BEGIN Dataset content
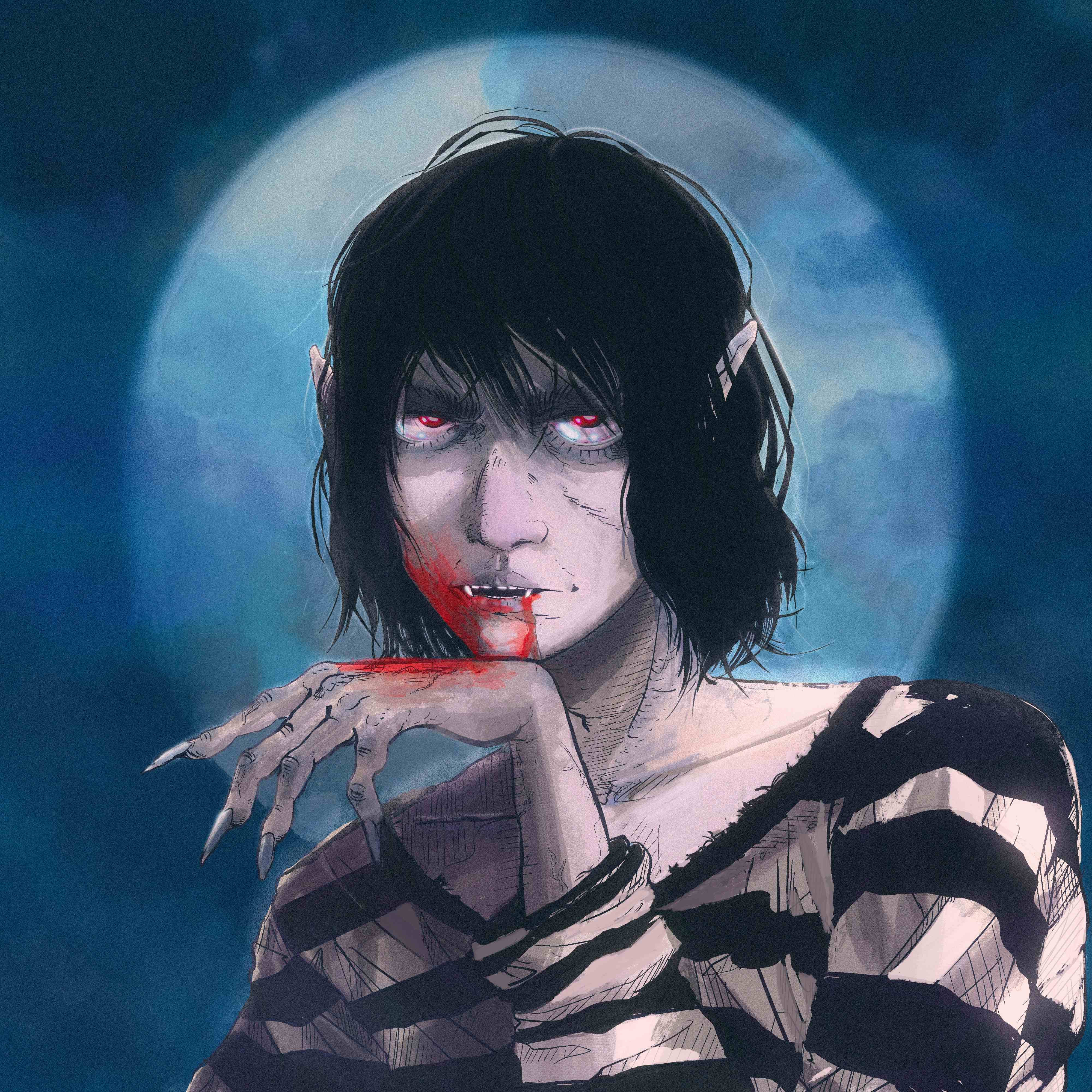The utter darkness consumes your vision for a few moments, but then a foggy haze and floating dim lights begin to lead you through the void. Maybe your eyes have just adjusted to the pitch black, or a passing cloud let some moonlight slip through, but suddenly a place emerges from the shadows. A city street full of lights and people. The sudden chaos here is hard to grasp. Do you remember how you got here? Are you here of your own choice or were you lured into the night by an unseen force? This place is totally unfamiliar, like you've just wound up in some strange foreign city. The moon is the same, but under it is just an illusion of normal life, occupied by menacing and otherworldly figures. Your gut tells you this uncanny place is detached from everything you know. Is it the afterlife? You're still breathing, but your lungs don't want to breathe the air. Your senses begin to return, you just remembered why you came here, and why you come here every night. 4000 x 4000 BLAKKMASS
END Dataset content
BEGIN Dataset content
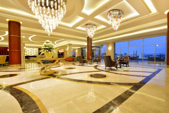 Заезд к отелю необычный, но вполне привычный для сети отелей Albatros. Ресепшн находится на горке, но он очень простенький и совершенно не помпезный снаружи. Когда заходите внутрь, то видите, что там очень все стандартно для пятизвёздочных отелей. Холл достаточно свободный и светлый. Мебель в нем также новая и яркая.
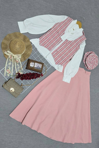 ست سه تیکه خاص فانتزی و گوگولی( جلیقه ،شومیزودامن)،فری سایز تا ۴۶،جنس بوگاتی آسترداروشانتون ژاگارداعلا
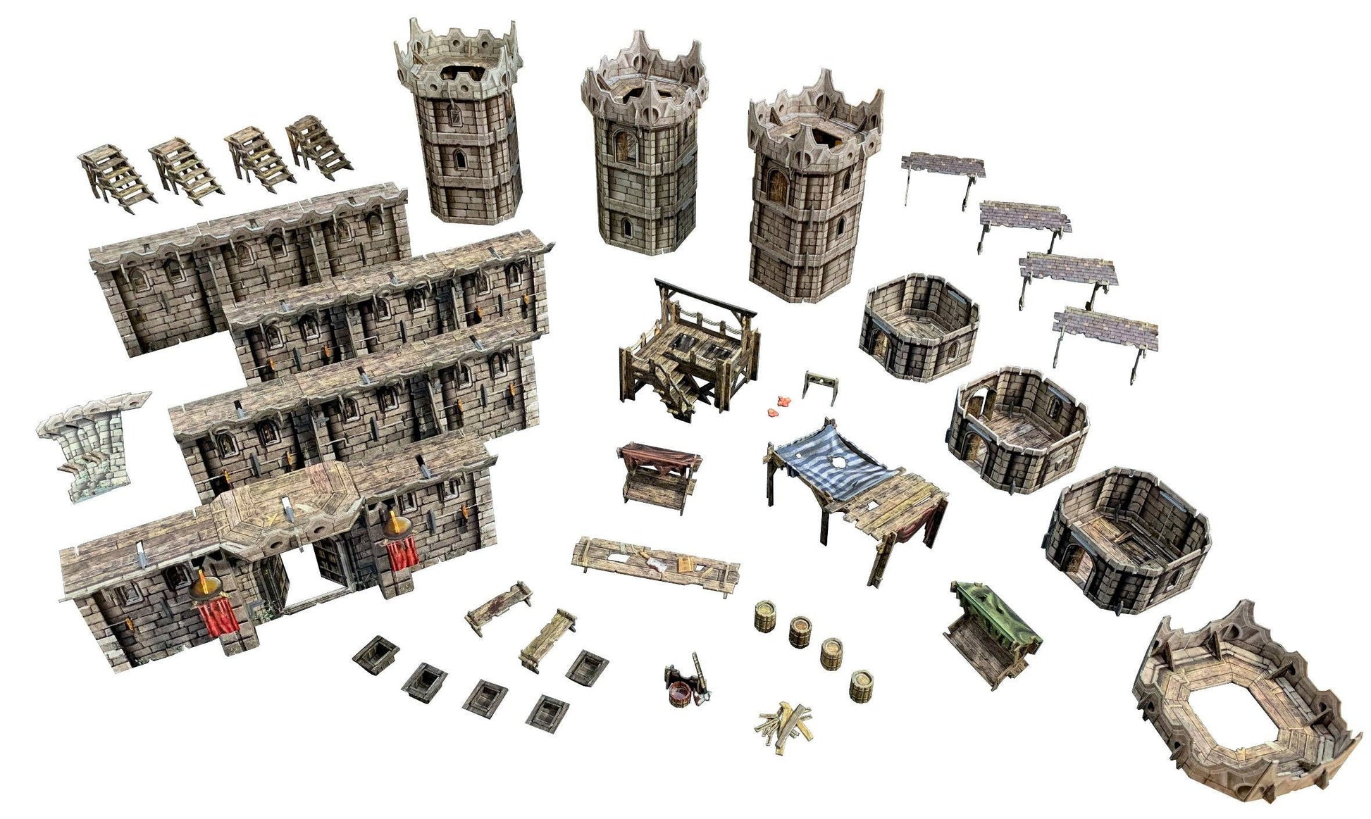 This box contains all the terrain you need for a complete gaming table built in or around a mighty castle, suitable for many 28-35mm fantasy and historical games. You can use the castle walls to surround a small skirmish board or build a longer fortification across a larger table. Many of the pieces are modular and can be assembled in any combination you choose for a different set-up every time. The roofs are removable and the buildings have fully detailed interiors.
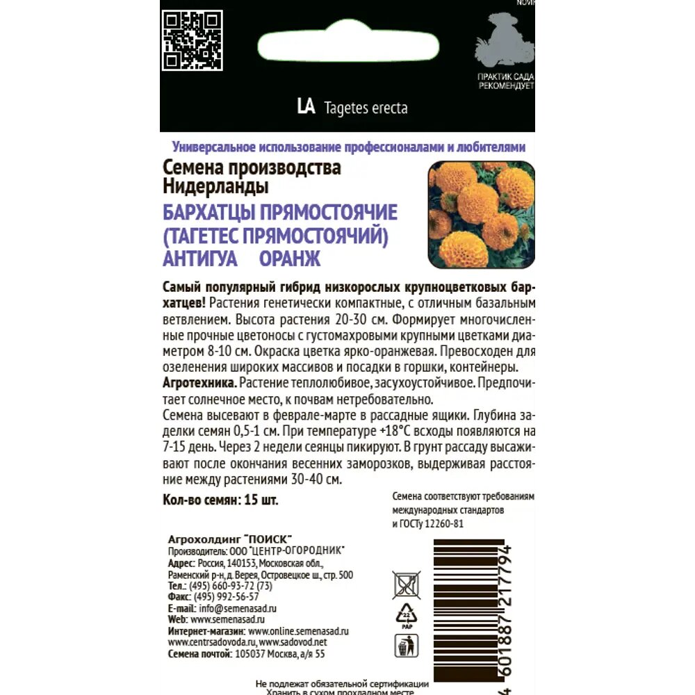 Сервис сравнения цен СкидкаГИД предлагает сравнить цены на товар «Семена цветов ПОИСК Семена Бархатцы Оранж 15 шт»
END Dataset content
BEGIN Dataset content
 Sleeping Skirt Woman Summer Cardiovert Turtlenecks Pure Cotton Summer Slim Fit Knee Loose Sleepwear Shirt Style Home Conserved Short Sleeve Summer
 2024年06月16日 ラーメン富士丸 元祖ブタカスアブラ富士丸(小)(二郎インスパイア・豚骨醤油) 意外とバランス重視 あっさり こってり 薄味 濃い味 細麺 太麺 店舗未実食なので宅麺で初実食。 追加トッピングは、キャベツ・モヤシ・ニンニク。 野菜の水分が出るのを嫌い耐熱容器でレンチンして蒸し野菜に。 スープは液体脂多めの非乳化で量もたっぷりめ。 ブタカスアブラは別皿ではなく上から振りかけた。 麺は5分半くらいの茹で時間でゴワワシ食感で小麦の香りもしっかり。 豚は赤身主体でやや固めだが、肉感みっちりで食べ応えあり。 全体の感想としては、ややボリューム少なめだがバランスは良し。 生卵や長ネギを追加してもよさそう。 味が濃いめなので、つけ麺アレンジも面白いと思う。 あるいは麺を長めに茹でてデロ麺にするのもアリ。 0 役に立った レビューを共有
END Dataset content
Requirement - Retype only this portion of the data above: the line containing "Sleeping Skirt Woman", the line containing "2024年06月16日 ラーメン富士丸 元祖ブタカスアブラ富士丸(小)(二郎インスパイア・豚骨醤油)", and all lines between them, exactly.

Reply -
 Sleeping Skirt Woman Summer Cardiovert Turtlenecks Pure Cotton Summer Slim Fit Knee Loose Sleepwear Shirt Style Home Conserved Short Sleeve Summer
 2024年06月16日 ラーメン富士丸 元祖ブタカスアブラ富士丸(小)(二郎インスパイア・豚骨醤油) 意外とバランス重視 あっさり こってり 薄味 濃い味 細麺 太麺 店舗未実食なので宅麺で初実食。 追加トッピングは、キャベツ・モヤシ・ニンニク。 野菜の水分が出るのを嫌い耐熱容器でレンチンして蒸し野菜に。 スープは液体脂多めの非乳化で量もたっぷりめ。 ブタカスアブラは別皿ではなく上から振りかけた。 麺は5分半くらいの茹で時間でゴワワシ食感で小麦の香りもしっかり。 豚は赤身主体でやや固めだが、肉感みっちりで食べ応えあり。 全体の感想としては、ややボリューム少なめだがバランスは良し。 生卵や長ネギを追加してもよさそう。 味が濃いめなので、つけ麺アレンジも面白いと思う。 あるいは麺を長めに茹でてデロ麺にするのもアリ。 0 役に立った レビューを共有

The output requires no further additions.